Montoyo credits Guerrero for a steady, even-keel nature that is mixed with a hearty confidence.

“He’s humble,” Montoyo said of Guerrero, “but he also knows he’s going to hit. He is that good. He can carry a team if he gets hot. I don’t want to put pressure on him. But he’s the No. 1 prospect in baseball. He can do things like that.”

Sure enough, Guerrero flexed his muscles and potential in San Francisco against the Giants to begin his first tear in the majors.

Guerrero showed how he could be both a humble young kid and a tremendous power hitter with huge confidence in himself just a few hours before he hit a vicious line drive that with an 111.3 mph exit velocity to dead center field for his first major league home run.

Five innings later, he added a 451-foot, three-run shot to left-center field.

Guerrero was so confident, he actually asked Montoyo before the two-homer game if he would be credited with a home run if he hit the tin above the 24-foot wall in right field.

He discussed the shot in batting practice with his manager and then he drove the ball to center for his first home run. It wasn’t quite to right, as he mentioned during batting practice, but his point was the same.

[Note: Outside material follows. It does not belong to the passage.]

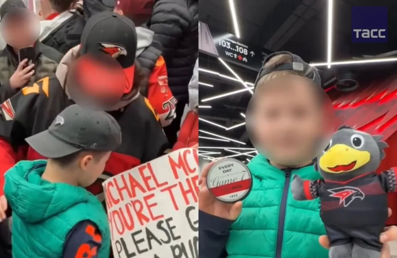 На опубликованном в соцсетях видеоролике мальчик радуется пойманной шайбе. В этот момент к нему подходит девочка с плакатом и отбирает трофей. Расстроенный болельщик не может сдержать слез.

Guerrero Jr. knows he’ll be asked a ton of questions about the man he loves so much, his father, the Hall of Fame slugger who first made his mark with the Montreal Expos and Angels. He seems prepared to answer them all.

“He already did what he did,” Junior says of his father. “Now it’s my turn to do it.”

Junior receives daily guidance from his father. He sees similarities in the way he plays with the way his father played.

He doesn’t shy away from the comparisons. The comparisons actually warm his heart.

“I would love to put up the same numbers as he did, not more, not less,” he said.

“I would love to be as he was. I must keep working hard, very hard, every day.”

The elder Guerrero is making sure his son follows his own path to greatness the right way.

Not surprisingly, the Hall of Famer was the first person to call Junior to congratulate him for his first two home runs in the majors.

The slugger who hit 449 home runs over 16 years in the majors told his son to remember that he should not go to the plate trying to hit home runs because those home runs would come as long as he just tries to do his job at the plate.

Senior simply told Junior to do his job as he did during the game in which he drilled his first two games in the majors.

How could you repay a man who had you at his side at every All-Star Game he played, including the one when he was the Home Run Derby winner in 2007 in the same stadium where you would hit your first two home runs?

“I’ll give my dad the bat and the two [home run] baseballs,” Guerrero Jr. said. “The rest of what I used today, I’ll keep using.”

Junior has kept using the rest of his hitting weapons in a very powerful way. After his two moon shots at the Bay, he hit one home run per night versus the White Sox at Chicago on May 17 and 19 to cap his fabulous Player of the Week stats.

Get your umbrellas ready. A huge Guerrero power shower is coming your way.